Compare event with only commons (and wikidata): https://eventmetrics-dev.wmflabs.org/programs/108/events/223
with identical event for all wikis: https://eventmetrics-dev.wmflabs.org/programs/108/events/287

In T206700#4993697, @dom_walden wrote:

Pageviews on all wikis (not just those specified): The Main space articles whose pageviews we're counting can be on any wiki; the wikis do not need to be specified as wikis of interest in setup.

do we still want the above to be true?

That is required. The whole idea of uploading files to Commons is that those images, etc. are then available to all wikis. So we want to find all the pages where they are being placed.

Pageviews on all wikis (not just those specified): The Main space articles whose pageviews we're counting can be on any wiki; the wikis do not need to be specified as wikis of interest in setup.
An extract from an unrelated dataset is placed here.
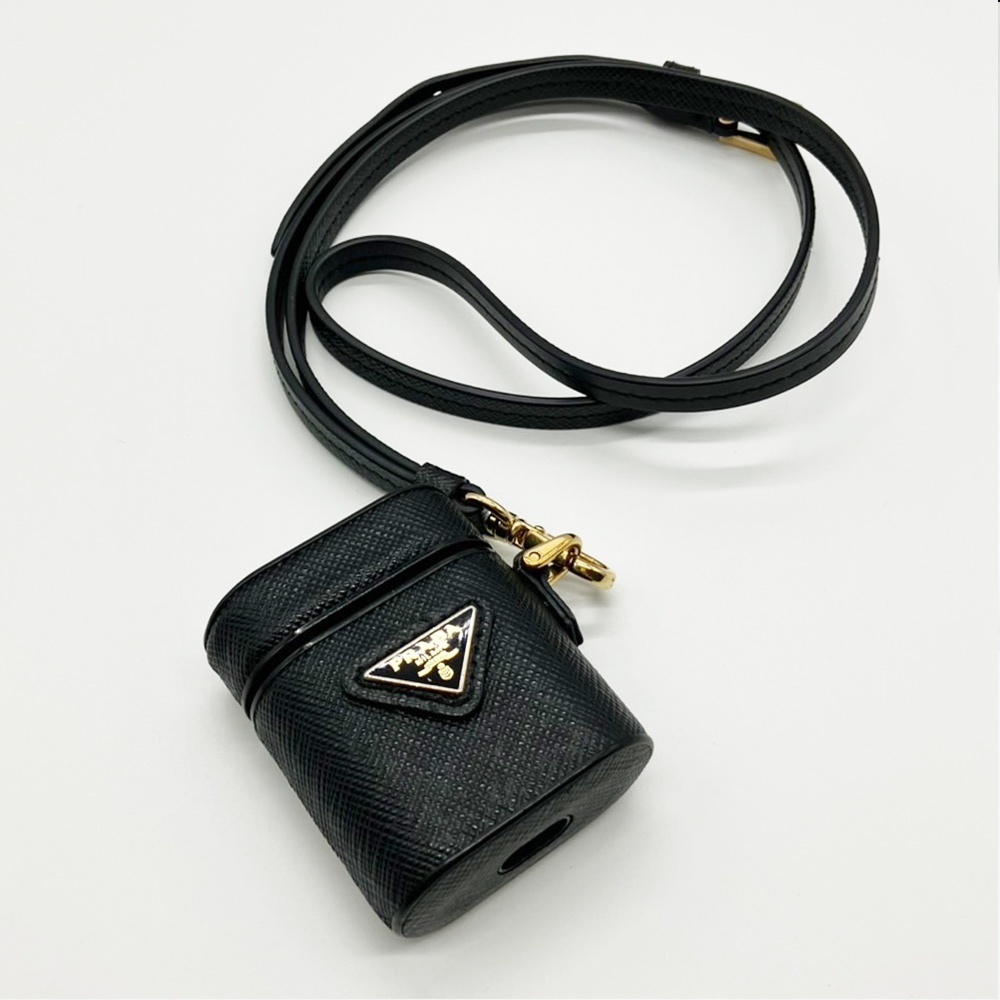 > プラダ ストラップ付エアポッツケース 1ZD002 サフィアーノ ユニセックス レザー トライアングルロゴ ブラック ABランク 中古

This was not implemented, until now :) This fix is up for code review: https://github.com/wikimedia/eventmetrics/pull/206

In relation to T206700#4992838, I'm going to investigate using the per-article strategy we talked about (which was in the original spec). This will be part of a separate PR.

@MusikAnimal and @dom_walden, now that we've selected the per-article approach and talked it through so that we have a clear idea of how it should work, I've rewritten the Description again to reflect this new understanding. Here's what I wrote; please have a look:

  • For each unique article, fetch daily pageviews from the present back to a maximum of 30 days and total that number. Then, to get the per-article average:
    • If we have 30 days of pageviews, divide the total by 30.
    • If we have fewer than 30 days of pageviews (presumably because the article was created fewer than 30 days ago), divide the total by the number of days for which we have figures.
  • Next total the individual per-page averages to get the grand-total of "Avg. daily views to (all) files uploaded."

Does that sound right?

@jmatazzoni Sounds perfect. I've got a fix in with b6b5516, but #206 should be reviewed first.

All merged! Ready for QA :)

Constructed a number of events where the pages improved were the same as the pages which had uploaded files. Checked that 'Avg. daily views to pages that have uploaded files' = 'Avg. daily views to pages improved'. (e.g. https://eventmetrics-dev.wmflabs.org/programs/126/events/286)

Then looked at events with files uploaded to commons and saw they report the same page views as the pageviews tool, regardless of whether the specific wiki was included in the event. (e.g. https://eventmetrics-dev.wmflabs.org/programs/126/events/290)

I also took a UTC event and changed the date to the equivalent time in the "Asia/Jakarta" timezone; got the same results. This was to check that we are doing timezone normalisation. (https://eventmetrics-dev.wmflabs.org/programs/126/events/291)

...I've got a fix in with b6b5516, but #206 should be reviewed first.

I could see no problems. Ready for the next commit, if that is the intention.

...I've got a fix in with b6b5516, but #206 should be reviewed first.

I could see no problems. Ready for the next commit, if that is the intention.

Sorry, I was referring to code review. Everything for this ticket is merged and ready for QA :)

...I've got a fix in with b6b5516, but #206 should be reviewed first.

I could see no problems. Ready for the next commit, if that is the intention.

Sorry, I was referring to code review. Everything for this ticket is merged and ready for QA :)

Ah, OK. In that case, I will put this in Product Sign-Off.

jmatazzoni closed this task as Resolved.Mar 4 2019, 4:46 PM

In T206700#4998284, @dom_walden wrote:

Constructed a number of events where the pages improved were the same as the pages which had uploaded files. Checked that 'Avg. daily views to pages that have uploaded files' = 'Avg. daily views to pages improved'. (e.g. https://eventmetrics-dev.wmflabs.org/programs/126/events/286)

Ooooh. That's genius Dom. Such a satisfying proof! I put a screenshot in just because I like it so much.